My LVN Mother Does Not Give Me Support

U.S.A. Texas

Published

Hi. After having my 2nd child 3 years ago, I decided to change careers. After working in an office for over 6 years, I decided to go into nursing. I'm currently taking my last pre-req at a community college, and planning to attend an LVN program in May. My ultimate goal is to become an RN through an LVN-to-RN program. My husband and friends are all supportive, but the one person who I thought would be is not - my own mother who was an LVN for over 20 years! This is very hurtful, and at times she says negative things about nursing and I get the feeling she doesn't believe I can do it. :o Instead of encouraging words, she says things like, "Nursing is a very demanding job. It's not going to be easy." I am well aware that it's a very demanding job. I did a lot of research on the nursing field before I decided this was what I want. I'm not sure if she is this way because she hurt her back and knee over 15 yrs. ago while on the job, and now she's on disability? I'm afraid to tell her anything back, because when I have, we always end up arguing and her crying. I am so excited about becoming a nurse, but I cannot share that excitement with her, because all she is going to do is shoot me down by saying negative things. I do admit that whenever she says something negative, it encourages me even more to try my best! :) Has anyone else ever gone through this before with a family member???
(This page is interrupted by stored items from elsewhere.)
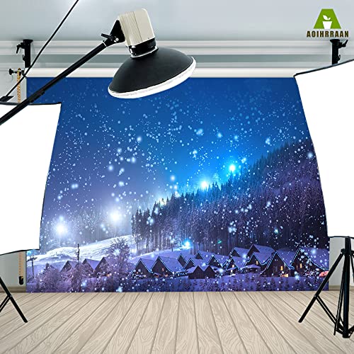 Aoihrraan 3x2,5m Villaggio di Natale Sfondo Nevicata Foresta Inverno Vista Notturna Fiaba Città Fotografia Sfondo Capodanno Natale Festa in Famiglia Decorazione Bambini Adulti Ritratto Foto Prop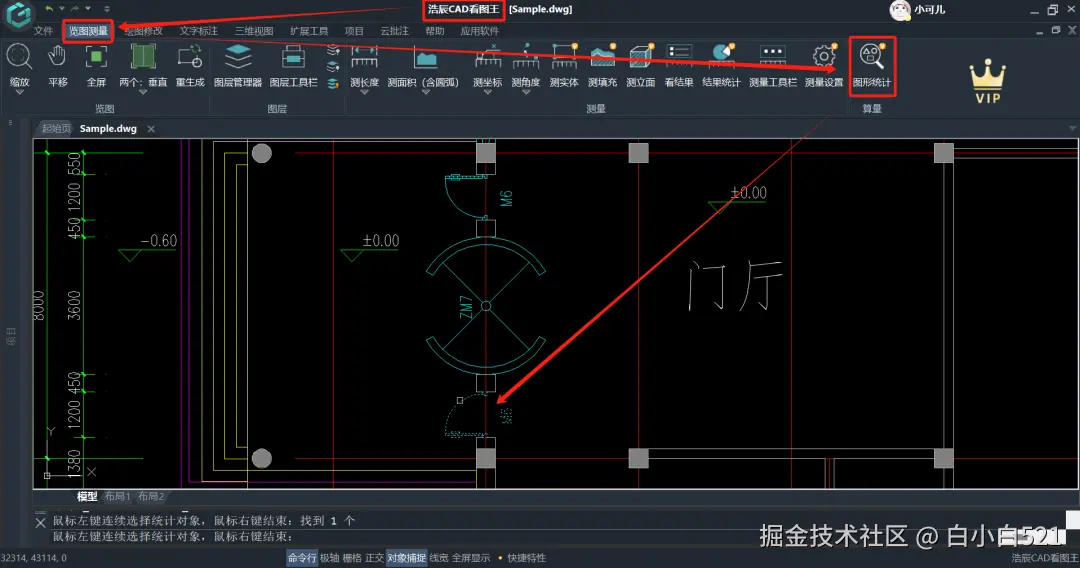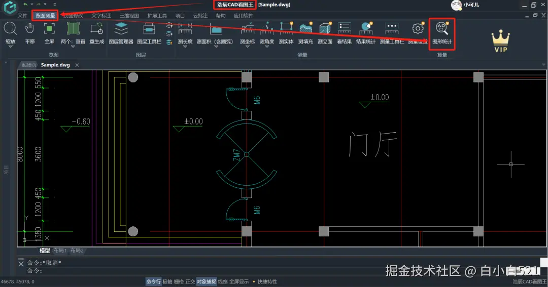 1、如下图所示,我们需要统计处图中统计型号)门的数量,就可以直接在浩辰CAD看图王览图测量菜单栏点击算量中的图形统计功能;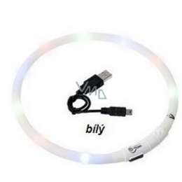 Odolný svítící obojek pro psy - silikonový obal v sobě skrývá LED diody, které mohou nepřetržité svítit nebo blikat. Obojek lze zastřihnutím zkrátit na libovolný obvod krku. Obojek lze zkrátit na délku 20-75 cm.
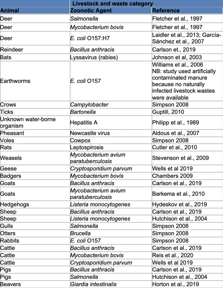In comparison to domestic livestock, comparatively little is known about the prevalence and numbers of zoonotic pathogens present in manure from wildlife. A comprehensive review has been published by Simpson (2008). A brief, and by no means complete, summary of what common indigenous British wildlife are known to harbour zoonotic pathogens is shown in Table 2 below. There are known examples of the same zoonotic pathogen being present on fresh produce, in irrigation water and in wildlife (but it is rarely clear if the water or crop infected the wildlife or vice versa). Table 2 attempts to include pathogens and wildlife that may not have been previously considered by growers as credible threats to the microbiological quality of their crops.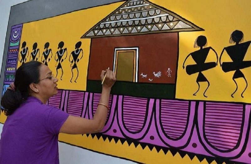 लोक भित्ति चित्र कला पर प्रशिक्षण दे रही हैं
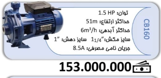 پمپ 1/5 اسب الکتروژن CB160۱۵٬۳۰۰٬۰۰۰ تومان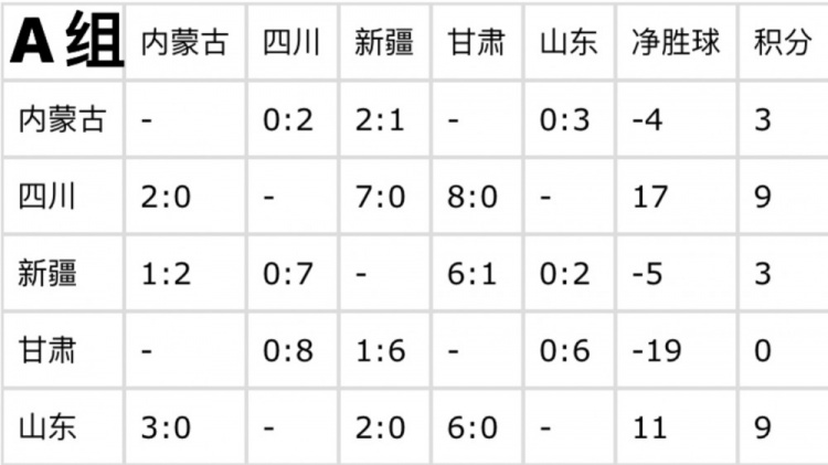 目前,四川和山东同积9分,凭借出色的表现已提前锁定出线资格。在净胜球方面,四川以17个净胜球领先,山东净胜球为11个。内蒙古和新疆均积3分,甘肃积0分已确定无缘出线。最后一轮比赛,虽无直接影响出线的关键对决,但各队仍会为荣誉而战,力求以更好的成绩结束资格赛阶段。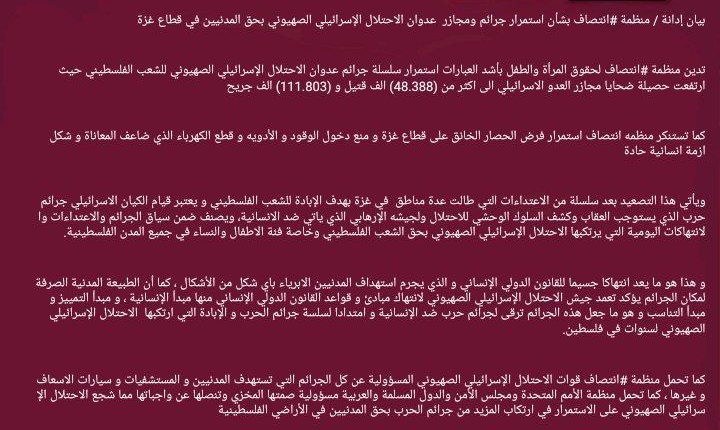 تدين منظمة #انتصاف لحقوق المرأة والطفل بأشد العبارات استمرار سلسلة جرائم عدوان الاحتلال الإسرائيلي الصهيوني للشعب الفلسطيني حيث ارتفعت حصيلة ضحايا مجازر العدو الاسرائيلي الى اكثر من (48.388) الف قتيل و (111.803) الف جريح
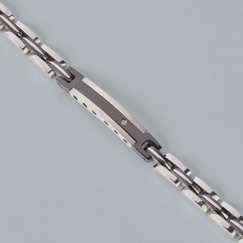 Bracciale Con Targhetta Man Code Acciaio Bicolore Bianco / Nero Cubic Zirconia - 21 cm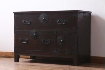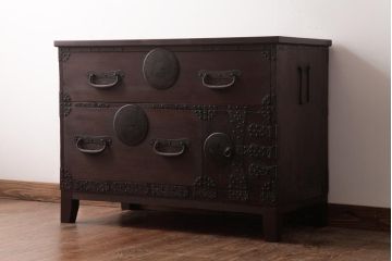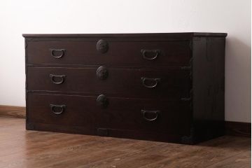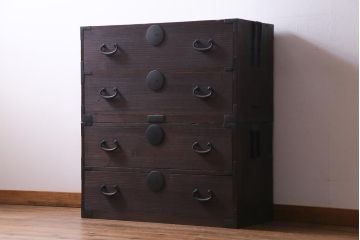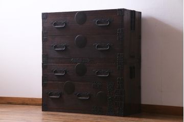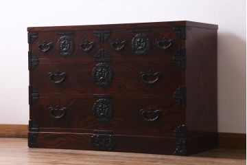 黒の紋様が美しい黒柿材製の衣装箪笥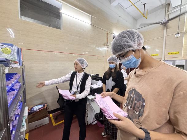 10月16日下午,后勤保障处邀请16名来自各院系权益部的同学深入食堂后厨, 全面了解食堂日常运作情况。三位食堂经理化身“导游”,细致讲解了食堂架构、服务理念、标准化作业流程、食品安全管控、原材料采购与储存、厨房卫生管理及四害防治等关键环节。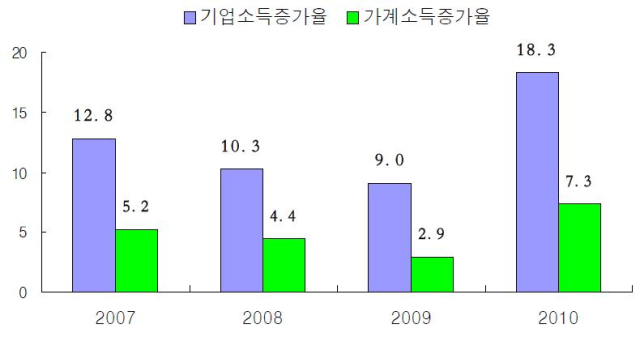 위 자료는 한국은행이 발표한 수치를 바탕으로 그린 그래프인데, 기업 소득은 해마다 두 자릿수 증가율을 보이는 반면, 가계 소득은 한 자릿수 증가율을 기록하는 등, 기업 소득 증가율이 가계 소득 증가율의 2~3배에 달하고 있음을 보여준다.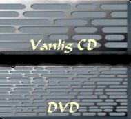 DVD är mycket lik en vanlig cd men har mycket större lagringskapacitet (ungefär 4,7 Gb) det är ungefär 7,5 gånger en vanlig cd. En dubbelsidig DVD med två lager på var sida kan innehålla ända upp till 17 Gb information som motsvara mer än 26 cd skivor. Dataöverföringshastigheten är 10,08 megabit/sekund. Bilden visar skillanden på storleken |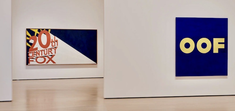 (#1) The opening galleries of “Ed Ruscha / Now Then” include “OOF” (1961) and “Large Trademark with Eight Spotlights” (1962).

Specializes in Palliative Care, NICU/NNP.

Dottie, Your mom spoke the truth that "nursing is a very demanding job...it won't be easy." But determination and enthusiasm will get you through. I don't think she's thinking you can't do it. Sounds like she's had a painful experience and she wants to protect you by discouraging you.

I can say that I started nursing in the 70s and nursing was a lot different then. I think some of us are regretting the changes of more paperwork, less time with the patient, much sicker patients with longer lifespans and lots of meds. We are being asked to move larger patients and people are getting hurt. This is finally being addressed by government as well as patient to staff ratios.

So, with all that said, I think nursing is a wonderful career and it needs enthusiastic people like yourself. What your mom says or doesn't say isn't about you--it's about her baggage. Go for it and take the support of the people that give it to you and run with it. Count me in!

For some reason, we humans always want our parents approval and support of what we do. There comes a time when you have to realize that you are an adult and you do not require your parents permission, approval, or support of what you do. It is difficult when this happens, but the truth is - If you really want to do it, ignore your mother and just do it. Sorry, but mommy doesn't always know best for us. Just like you cannot let your career define your whole life, you cannot let your family define who you are either. So just DO IT! And then won't you feel great when you graduate and can secretly stick your tongue out at your mother and go "Na na na na". :)

Specializes in Case mgmt., rehab, (CRRN), LTC & psych.

I have had to learn to pursue my dreams without any support from family members. Unfortunately, my family is not oriented to education, and the entire process of college is very alien to them. I was born to working-class parents who did not attend college and, therefore, do not understand the reasons for general education classes, prerequisites, remedial classes, etc. They would always ask me questions such as, "Why are you taking science classes? Isn't that a waste of time? What type of job could an English class possibly get you? Why are you taking college math if you already had math classes in high school?"

Until recently, my family thought that anyone from off the street could start attending nursing school without any prior classes or testing. My father once thought that an associate degree could be earned in 1 year. I think the general public remains blissfully unaware that community college nursing programs often take longer than 2 years to complete.

I'm 26 years old and, at this point in my life, I owe an explanation to nobody. I hope that the original poster will pay close attention to the positive and negative aspects of nursing, and arrive at an informed decision. Whatever you decide, I hope you succeed.